Critical behavior far from equilibrium

The notion of phases and phase transitions is essential for our understanding of equilibrium states of matter and it has proven to be insightful to expand these concepts for the characterization of quantum matter out of equilibrium. In a collaboration with Pei Wang (Zhejiang Normal University) and Stefan Kehrein we analyzed the behavior of the Hall conductance of topological insulators in asymptotic non-equilibrium states. Although the unitary evolution conserves the initial topological invariant of the wave function, we found that the Hall conductance exhibits a universal non-analytic transition point whenever the control parameter crosses a topological phase boundary; this indicates a topologically driven non-equilibrium phase transition [1]. In a subsequent work we extended this analysis to Floquet topological insulators, demonstrating that in these experimentally relevant systems, the same holds with slight modifications [2].

Critical behavior can, however, as well occur in the transient dynamics after the system was pushed out of equilibrium. For so-called dynamical quantum phase transitions (DQPTs) time plays the role of the control parameter and the phenomenon bears surprising analogies to equilibrium phase transitions. In my Master’s project and continuing as a PhD student, I investigated DQPTs in the Kitaev model on the honeycomb lattice [3]. This work was one of the first studies of DQPTs in a two-dimensional system and it comprises a detailed analysis of the characteristics of the critical points based on the distribution of Fisher zeros in the complex time plane. In a subsequent work in collaboration with Markus Heyl we devised a Monte Carlo scheme to investigate DQPTs two- and three-dimensional quantum Ising models [4].

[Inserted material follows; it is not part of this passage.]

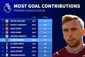 NBA直播网4月27日讯 德国转会市场统计了本赛季球员在英超的参与进球数量,并列出榜单,哈兰德31球居首,B费26球次席。

[1] P. Wang, M. Schmitt, and S. Kehrein, Universal nonanalytic behavior of the Hall con- ductance in a Chern insulator at the topologically driven nonequilibrium phase transition, Phys. Rev. B 93 085134 (2016)

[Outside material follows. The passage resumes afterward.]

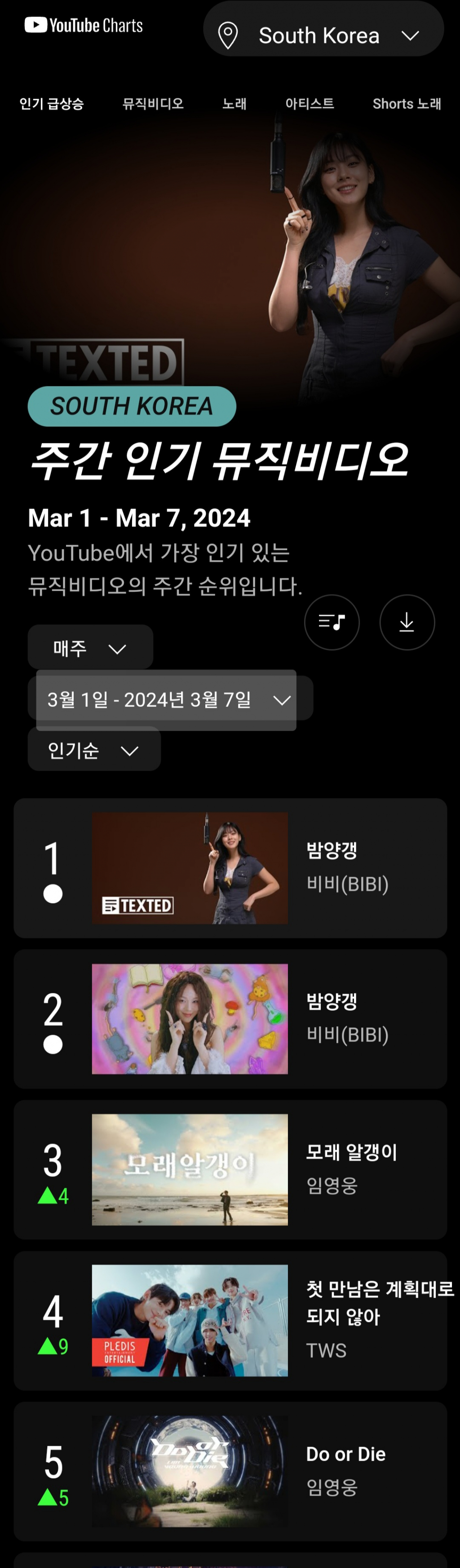 가수 임영웅이 유튜브 주간 인기 뮤직비디오 차트 톱3에 오르며 인기를 빛냈다.

[2] M. Schmitt and P. Wang, Universal non-analytic behavior of the non-equilibrium Hall con- ductance in Floquet topological insulators, Phys. Rev. B 96, 054306 (2017)

[3] M. Schmitt and S. Kehrein, Dynamical Quantum Phase Transitions in the Kitaev Honeycomb Model, Phys. Rev. B 92 075114 (2015)

[4] M. Schmitt and M. Heyl, Quantum dynamics in transverse-field Ising models from classical networks, SciPost Phys. 4, 013 (2018)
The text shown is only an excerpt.